# Prompt:
What follows is a set of records; repeat them exactly, without the pictures.

# Data supplied:
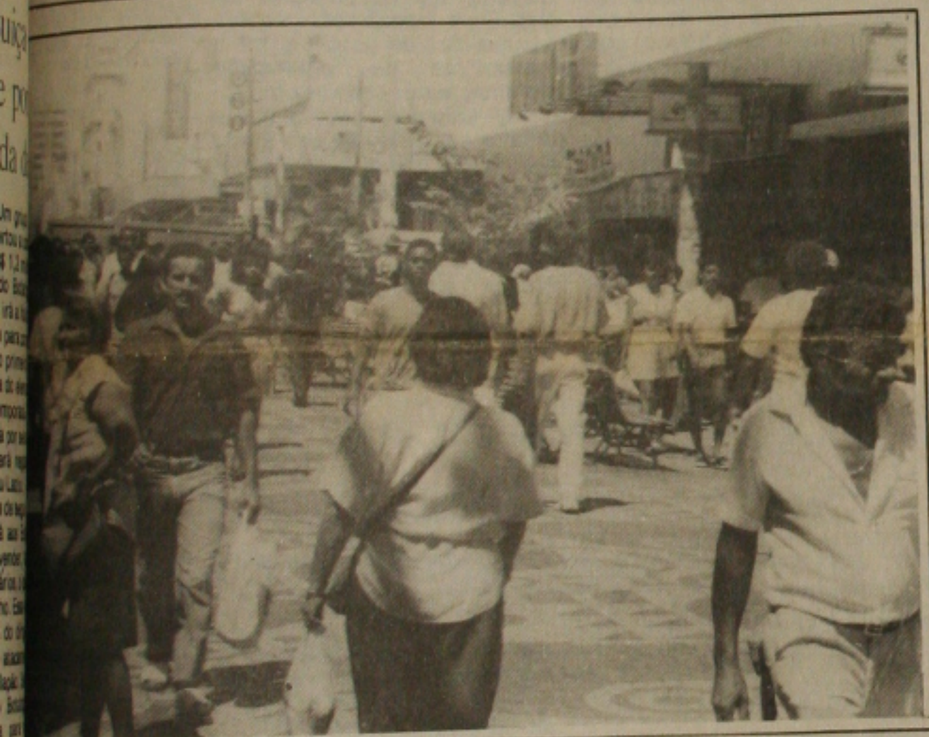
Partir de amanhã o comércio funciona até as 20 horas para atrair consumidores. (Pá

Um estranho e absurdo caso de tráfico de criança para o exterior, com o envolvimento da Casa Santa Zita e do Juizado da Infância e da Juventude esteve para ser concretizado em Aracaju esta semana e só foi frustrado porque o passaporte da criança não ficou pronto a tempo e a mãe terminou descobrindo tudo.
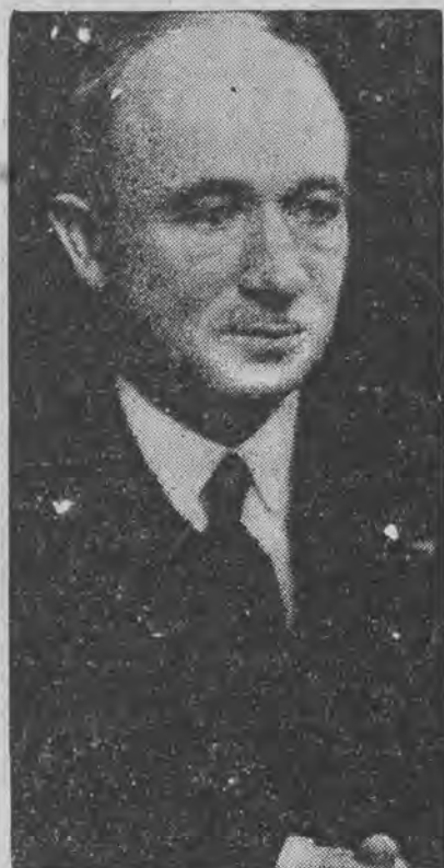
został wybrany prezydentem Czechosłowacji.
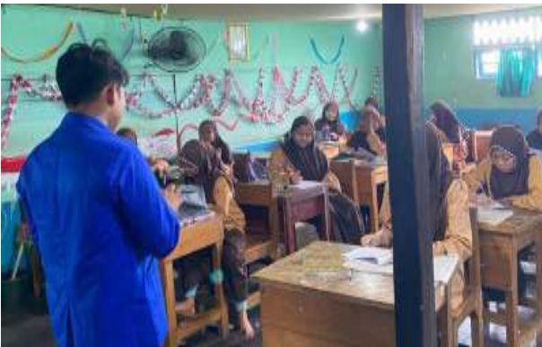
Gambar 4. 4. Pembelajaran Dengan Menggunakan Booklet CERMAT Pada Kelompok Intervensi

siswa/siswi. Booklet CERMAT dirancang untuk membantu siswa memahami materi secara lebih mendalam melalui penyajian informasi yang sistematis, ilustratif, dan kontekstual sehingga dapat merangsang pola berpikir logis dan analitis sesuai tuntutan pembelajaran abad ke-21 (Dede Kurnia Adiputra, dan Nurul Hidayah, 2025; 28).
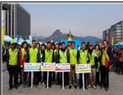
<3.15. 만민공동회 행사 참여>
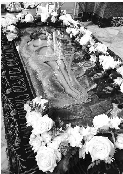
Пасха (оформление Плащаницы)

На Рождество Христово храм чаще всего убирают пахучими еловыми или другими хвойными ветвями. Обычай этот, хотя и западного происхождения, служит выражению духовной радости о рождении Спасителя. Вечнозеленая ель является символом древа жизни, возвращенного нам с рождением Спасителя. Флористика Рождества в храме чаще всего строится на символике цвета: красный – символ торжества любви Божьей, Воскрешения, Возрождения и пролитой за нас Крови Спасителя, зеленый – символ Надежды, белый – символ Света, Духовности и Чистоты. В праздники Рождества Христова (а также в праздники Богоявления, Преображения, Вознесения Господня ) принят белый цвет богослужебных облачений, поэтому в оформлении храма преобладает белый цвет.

# Your response:
Partir de amanhã o comércio funciona até as 20 horas para atrair consumidores. (Pá

Um estranho e absurdo caso de tráfico de criança para o exterior, com o envolvimento da Casa Santa Zita e do Juizado da Infância e da Juventude esteve para ser concretizado em Aracaju esta semana e só foi frustrado porque o passaporte da criança não ficou pronto a tempo e a mãe terminou descobrindo tudo.
został wybrany prezydentem Czechosłowacji.
Gambar 4. 4. Pembelajaran Dengan Menggunakan Booklet CERMAT Pada Kelompok Intervensi

siswa/siswi. Booklet CERMAT dirancang untuk membantu siswa memahami materi secara lebih mendalam melalui penyajian informasi yang sistematis, ilustratif, dan kontekstual sehingga dapat merangsang pola berpikir logis dan analitis sesuai tuntutan pembelajaran abad ke-21 (Dede Kurnia Adiputra, dan Nurul Hidayah, 2025; 28).
<3.15. 만민공동회 행사 참여>
Пасха (оформление Плащаницы)

На Рождество Христово храм чаще всего убирают пахучими еловыми или другими хвойными ветвями. Обычай этот, хотя и западного происхождения, служит выражению духовной радости о рождении Спасителя. Вечнозеленая ель является символом древа жизни, возвращенного нам с рождением Спасителя. Флористика Рождества в храме чаще всего строится на символике цвета: красный – символ торжества любви Божьей, Воскрешения, Возрождения и пролитой за нас Крови Спасителя, зеленый – символ Надежды, белый – символ Света, Духовности и Чистоты. В праздники Рождества Христова (а также в праздники Богоявления, Преображения, Вознесения Господня ) принят белый цвет богослужебных облачений, поэтому в оформлении храма преобладает белый цвет.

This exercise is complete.